Kaye, along with Smith, was part of the early days of CBGB, that dingy, narrow club on the Bowery, a spot you’d walk to while being careful to step over discarded syringes.

“I like these scenes where they’re kind of under the radar and nobody knows what they’re doing,” Kaye told me. “And it hasn’t got a definition yet and they’re figuring it out. And all of a sudden there’s a locus of energy where music, especially rock and roll, evolves. That moment I experienced it at CBGB, where you got these random renegade bands playing in a place that was about as off the beaten path as can be. And all of a sudden, you can feel the energy coalesce like space dust kind of comes together and forms a planet.

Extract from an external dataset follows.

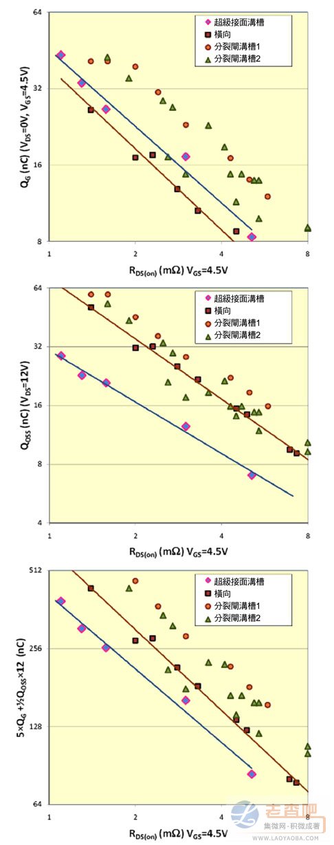 采用QOSS與QG加權組合作為性能指標的優點如圖3所示,其中QG、QOSS及其組合分別針對三個不同的30伏特功率MOSFET結構產生RDS(on)函數。趨勢線的斜率反映不同的FOM。請注意:由于數據來自于資料手冊,因此數值包含封裝電阻。由圖3可知,相較于超級接面和分裂閘溝槽技術,橫向技術的QG更佳。由于超級接面結構在元件閘極和連接源極的漏極遮罩電極間增加了CGS,因此QG值低于分裂閘技術。

Some of the scenes and cities he wrote about in his book required deep research; others he experienced first-hand, like San Francisco and Detroit. As to the former, “I just wanted to go there and see the Grateful Dead who you couldn’t hear because they hadn’t [yet] made a record.” And the latter: “The Detroit rock scene with the Stooges and the MC5. It’s so great to be a part of that when it happens and I’ve been privileged to be a part of it.”

“I believe music exists in the present tense,” Kaye says. “I’m not a person that says, ‘Ooh, music was better then’ —well, yeah, it was better then — but that’s then. I don’t wanna see a bunch of garage bands from the year 2024 sounding like the garage bands on Nuggets, ’cause that’s already been done.”

Obviously, Kaye has a substantial record collection. How big?

“It could be bigger,” he said. “I’d say about maybe 3,000 albums, and about 3,000 singles, and CDs that keep multiplying. And I just got a 1950s Voice of Music console 78 player from the ‘50s.”

“I really hope to have a quiet summer this year,” Kaye told me. “I’m gonna buy like some nice sativa and spend some quality time with my records. And then I’ll never get rid of ’em.”

The future of Patti Smith and her band are up in the air, as is most often the case.

“She does visual arts and the written word and, of course, music,” said Kaye. “She is really gifted in terms of channeling the inner artist within her. Like I always say, I’m so privileged to be by her side and I’ve never seen Patti ever sing a false note, never go into ‘performance’ mode. She always wants to make each night unique to the audience out there.”

Believe it or not, Kaye has a life outside of music. “ ‘Life is 90 % maintenance and 10 % creativity,’” he told me, quoting folk singer Eric Andersen. So: Kaye cleans the cat box. He walks his dog. “And then there’s the damn turtle, 31 years old, Squirmy. My daughter bought it in Chinatown when it was [tiny], left it with me and I learned how to take care of it. I just bought a 1961 Thunderbird – yeah baby! — so that’s going to entertain me for a while. And then, like anybody, I watch TV.”